The quotient space $ X = M / \Gamma $ can be given a complex structure and automorphic functions are then meromorphic functions on $ X $ . A large number of cases studied concern a space $ X $ with a compactification $ \bar X $ . It is then natural to include in the definition of an automorphic function the requirement that it can be extended to the entire space $ \bar X $ as a meromorphic function. If $ M = D $ (i.e. $ M $ is a bounded connected domain), this condition must be required for $ n = 1 $ only (if $ n > 1 $ or if $ M / \Gamma $ is compact, the condition is automatically fulfilled). It can readily be shown that the automorphic functions constitute a field $ K ( \Gamma ) $ and the study of this field is one of the main tasks in the theory of automorphic functions.
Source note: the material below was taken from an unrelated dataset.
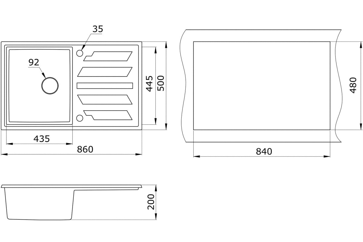 - Длина, мм 860

Automorphic functions of a single variable have been very thoroughly studied. The theoretical foundations were laid by F. Klein [1] and H. Poincaré [2] in the 19th century. The manifold $ M $ usually considered at that time is a simply-connected domain. Three cases are distinguished: $ M = P ^{1} ( \mathbf C ) $ (the complex projective line, or the Riemann sphere), $ M = \mathbf C $ and $ M = H $ (the upper half-plane $ \{ {z \in \mathbf C} : { \mathop{\rm Im}\nolimits \ z > 0} \} $ ). In the first case the discrete groups $ \Gamma $ are finite, the curves $ M / \Gamma $ are algebraic curves of genus 0 (cf. Genus of a curve) and, consequently, the automorphic functions generate a field of rational functions. Examples of automorphic functions in the case $ M = \mathbf C $ are periodic functions (thus, the function $ e ^ {2 \pi i z} $ is invariant under the translation group $ \{ {z \rightarrow z + n} : {n \in \mathbf Z} \} $ ) and, in particular, elliptic functions. In this latter case, the curve $ M / \Gamma $ is compact and is an elliptic curve, while the field $ K( \Gamma ) $ is the field of all algebraic functions on $ M / \Gamma $ . Finally, for $ M = H $ and a discrete group $ \Gamma $ such that $ M / \Gamma $ is compact or has a finite volume (in the Poincaré metric), $ M / \Gamma $ is an algebraic curve and $ K ( \Gamma ) $ is again the field of algebraic functions on $ M / \Gamma $ . The genus $ g $ of this curve may be determined by constructing a fundamental domain for $ \Gamma $ in the form of a polygon in the upper half-plane $ H $ (here regarded as the Lobachevskii plane). The basic method for constructing an automorphic function in this situation is to consider the quotient of two automorphic forms (cf. Automorphic form) of the same, sufficiently large, weight. The method is due to Poincaré, who used it to prove the results mentioned above concerning the structure of the fields of automorphic functions [2], [3], [4]. An analogous construction for elliptic functions is to represent such functions in terms of quotients of theta-functions. It can be shown, using uniformization theory, that all fields of algebraic functions of a single variable are obtained in this way [3].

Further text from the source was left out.